Task item:
Below are records with pictures; copy word for word only the lines between the line with "A ‘Cena con" and the line with "Kerri Taylor returns", inclusive, and drop the pictures.

Data for analysis:
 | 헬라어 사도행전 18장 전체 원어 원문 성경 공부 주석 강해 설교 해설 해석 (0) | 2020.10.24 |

* * *

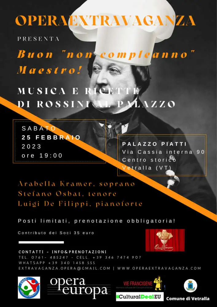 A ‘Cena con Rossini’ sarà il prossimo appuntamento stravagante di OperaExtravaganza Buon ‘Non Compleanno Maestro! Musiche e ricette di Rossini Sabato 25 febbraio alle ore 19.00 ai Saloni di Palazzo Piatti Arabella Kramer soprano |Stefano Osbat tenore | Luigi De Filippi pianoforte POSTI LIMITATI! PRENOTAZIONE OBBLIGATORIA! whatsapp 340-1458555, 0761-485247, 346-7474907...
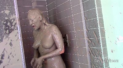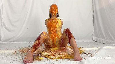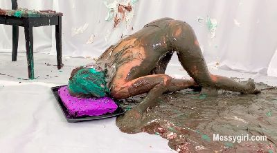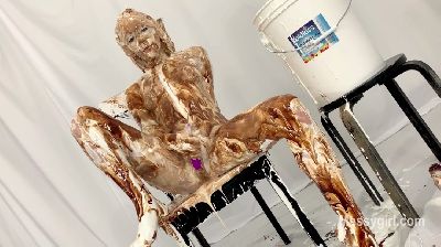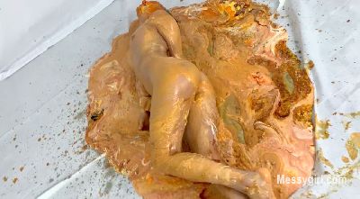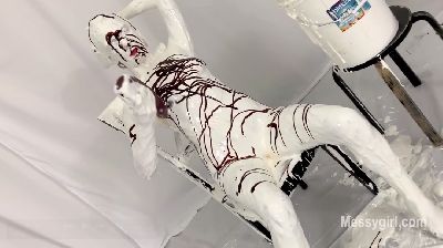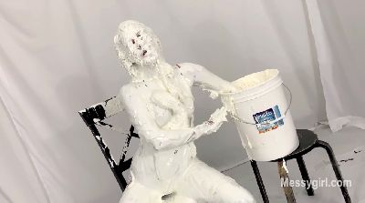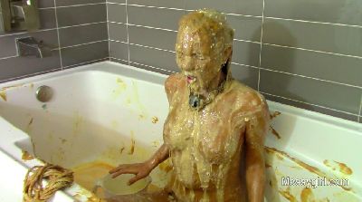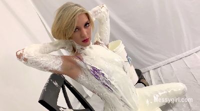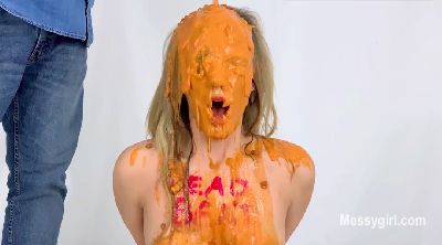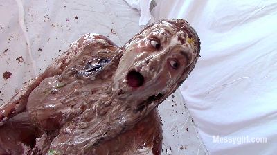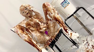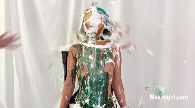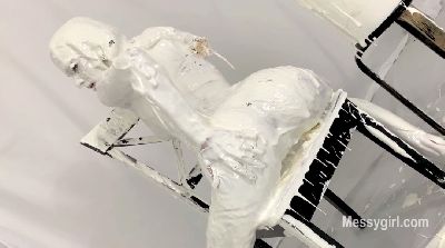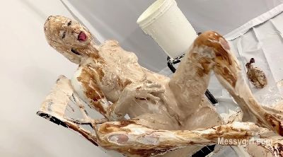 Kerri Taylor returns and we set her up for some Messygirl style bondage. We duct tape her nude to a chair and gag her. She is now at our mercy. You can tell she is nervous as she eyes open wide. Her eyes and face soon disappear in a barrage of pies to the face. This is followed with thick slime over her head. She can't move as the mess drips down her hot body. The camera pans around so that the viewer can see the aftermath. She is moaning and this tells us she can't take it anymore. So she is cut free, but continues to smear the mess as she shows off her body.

Exercise result:
 A ‘Cena con Rossini’ sarà il prossimo appuntamento stravagante di OperaExtravaganza Buon ‘Non Compleanno Maestro! Musiche e ricette di Rossini Sabato 25 febbraio alle ore 19.00 ai Saloni di Palazzo Piatti Arabella Kramer soprano |Stefano Osbat tenore | Luigi De Filippi pianoforte POSTI LIMITATI! PRENOTAZIONE OBBLIGATORIA! whatsapp 340-1458555, 0761-485247, 346-7474907...
 Kerri Taylor returns and we set her up for some Messygirl style bondage. We duct tape her nude to a chair and gag her. She is now at our mercy. You can tell she is nervous as she eyes open wide. Her eyes and face soon disappear in a barrage of pies to the face. This is followed with thick slime over her head. She can't move as the mess drips down her hot body. The camera pans around so that the viewer can see the aftermath. She is moaning and this tells us she can't take it anymore. So she is cut free, but continues to smear the mess as she shows off her body.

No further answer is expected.